It is as foolish to say you shouldn't hire people from Ivy League schools as it is to say that you should hire people from Ivy League schools. How about looking at applicants as individuals instead of stereotypes?

Here's a better stereotype: don't work for a company described as a place where,

"We had burned ourselves out by working so many 100-hour weeks,"

"we were still grinding so hard that we didn’t have the effort to put into our hiring process"

the work environment was "desperation (mixed with exhaustion)"


How about looking at applicants as individuals instead of stereotypes?

Who has time to look through hundreds of résumés and treat every single applicant as an individual? Hiring managers are looking to cull the stack as quickly as possible. If you’ve got 300 applicants and 15 of them are Ivy League, you throw away the other 285. Or so the conventional “wisdom” went.

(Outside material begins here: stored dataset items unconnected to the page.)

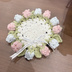 1/12サイズのドールや10~20cmのぬいぐるみが立てる・座れるお花のコースターになります。 お送りするのは画像1,2枚目になります。3,4はリボンをかけた状態や立ち姿の参考の為に載せており、内容物には含みません。 花の色はピンク×紫、葉っぱの部分は在庫の関係上薄緑〜濃い緑間で、写真と色味が変わることがあります。 (2枚目と3枚目を参照) 花の中にパールビーズが入っているため、花の形が崩れにくくなっています。 編み方の仕様上、葉の部分が丸まりやすいです。アイロンなどをかけて頂けますと綺麗に整います。 オマケとしてコースターにリボンを掛けています。(画像三枚目)そのまま広げて結んでいただいても、リボンを引っ張って花束のようにまとめてもらっても。勿論不要でしたら抜いてもらっても構いません。 全て同じように編んでいますがお使いのブラウザにより、実物とお色味が違って見える場合がございますがご了承ください。 ドールは付いてきませんのでご了承ください。 素人の手編み作品のため、糸始末が甘い部分があります、ご了承ください。
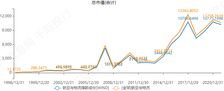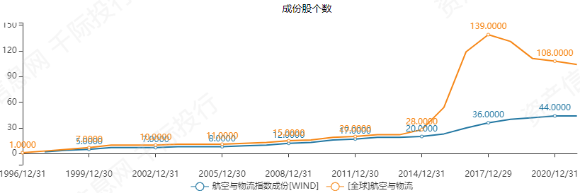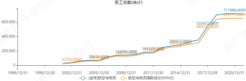 截止2021年4月22日,航空与物流板块(万德)沪深成分股个数为44,在近几年中呈上升趋势。企业总市值在近几年逐年上升,截止2021年4月21日,企业总市值为7356.6808亿元,企业员工总数达39557人。
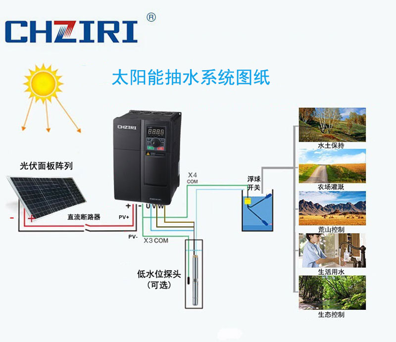 本产品ZSI800太阳能专用逆变器适用三相380V和单相220V 深井潜水泵改造成太阳能光伏水泵系统, 太阳能组件产生的直流电输入光伏水泵控制器,转换为交流电, 直流驱动各种水泵, 特别是井用潜水泵。
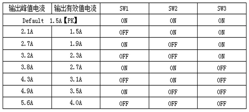电流设定方便,可在0.1-5.6A(峰值)之间任意选择
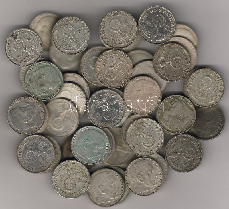 D.Reich 1937-39. 2RM (50x) H.K-tel T:2,2/3 https://www.darabanth.com/hu/31-Gyorsarveres/31.0/Numizmatika/Kulfoldi-fem-es-ezustpenzek-Foreign-metal-and-silvercoins~225/DReich-1937-39-2RM-50x-HK-tel-T2-23~II59464
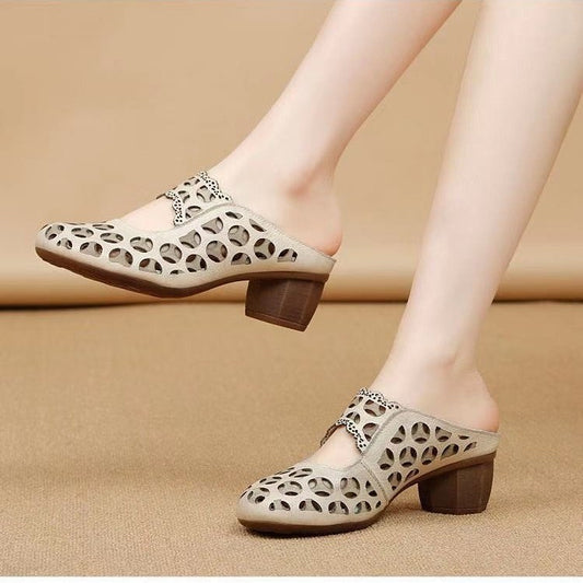 Women's Retro Fashion Hollow Hole Shoes PU Leather Clogs Shoes Round Head Slip On Femme Slippers
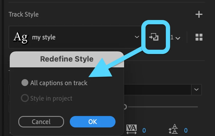Hi, I feel like I didn't fully remember where this feature was before since I haven't used it that much, but there was a way to click on your first caption, make it into a style, and then say, "apply to all captions in this track". Or something like that.
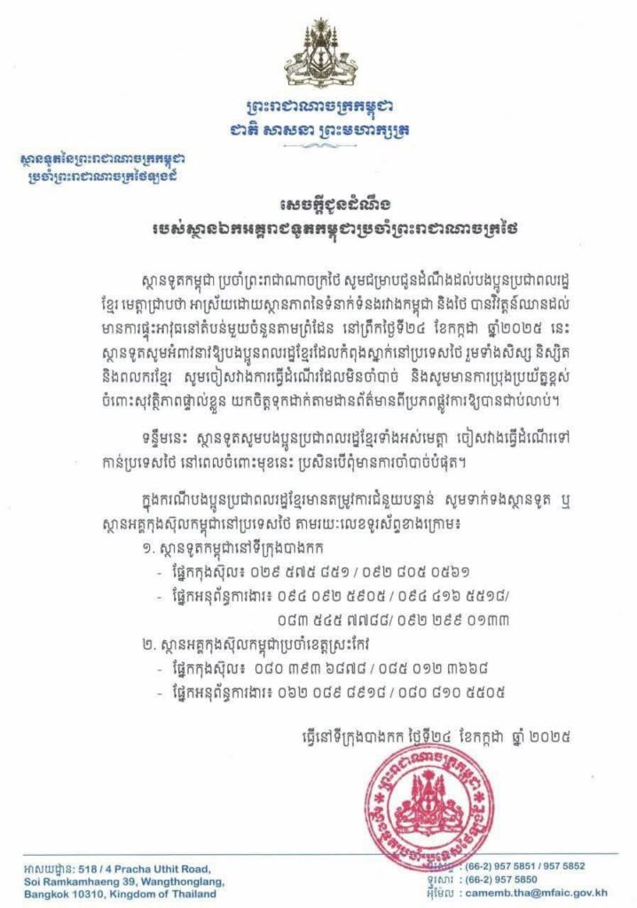 ស្ថានទូតកម្ពុជា ប្រចាំព្រះរាជាណាចក្រថៃ សូមជម្រាបជូនដំណឹងដល់បងប្អូនប្រជាពលរដ្ឋខ្មែរ មេត្តាជ្រាបថា អាស្រ័យដោយស្ថានភាពនៃទំនាក់ទំនងរវាងកម្ពុជា និងថៃ បានវិវត្តន៍ឈានដល់ មានការផ្ទុះអាវុធនៅតំបន់មួយចំនួនតាមព្រំដែន នៅព្រឹកថ្ងៃទី២៤ ខែកក្កដា ឆ្នាំ២០២៥ នេះ ស្ថានទូតសូមអំពាវនាវឱ្យបងប្អូនពលរដ្ឋខ្មែរដែលកំពុងស្នាក់នៅប្រទេសថៃ រួមទាំងសិស្ស និស្សិត និងពលករខ្មែរ សូមចៀសវាងការធ្វើដំណើរដែលមិនចាំបាច់ និងសូមមានការប្រុងប្រយ័ត្នខ្ពស់ ចំពោះសុវត្ថិភាពផ្ទាល់ខ្លួន យកចិត្តទុកដាក់តាមដានព័ត៌មានពីប្រភពផ្លូវការឱ្យបានជាប់លាប់។

> If you’ve got 300 applicants and 15 of them are Ivy League, you throw away the other 285

You'd be better off throwing away 285 at random. At least then you're not specifically selecting for the people who you are going to have the most competition for.

On your first pass, spend 30 seconds scanning each one and throw away any that just feel off. This is probably at least 50%, possibly a lot more. This is 2.5 hours.

On the 2nd pass, spend 2 minutes more thoroughly reading them, and pick your top 10 to 20. This is about an hour if you already threw away half.

In 3.5 hours you can get a much better pool of favorites than by just throwing away those from non top-tier schools.


I think it’s the same reason people didn’t shop around in the 70’s/80’s, they just bought IBM. Or Microsoft in the 90’s/00’s.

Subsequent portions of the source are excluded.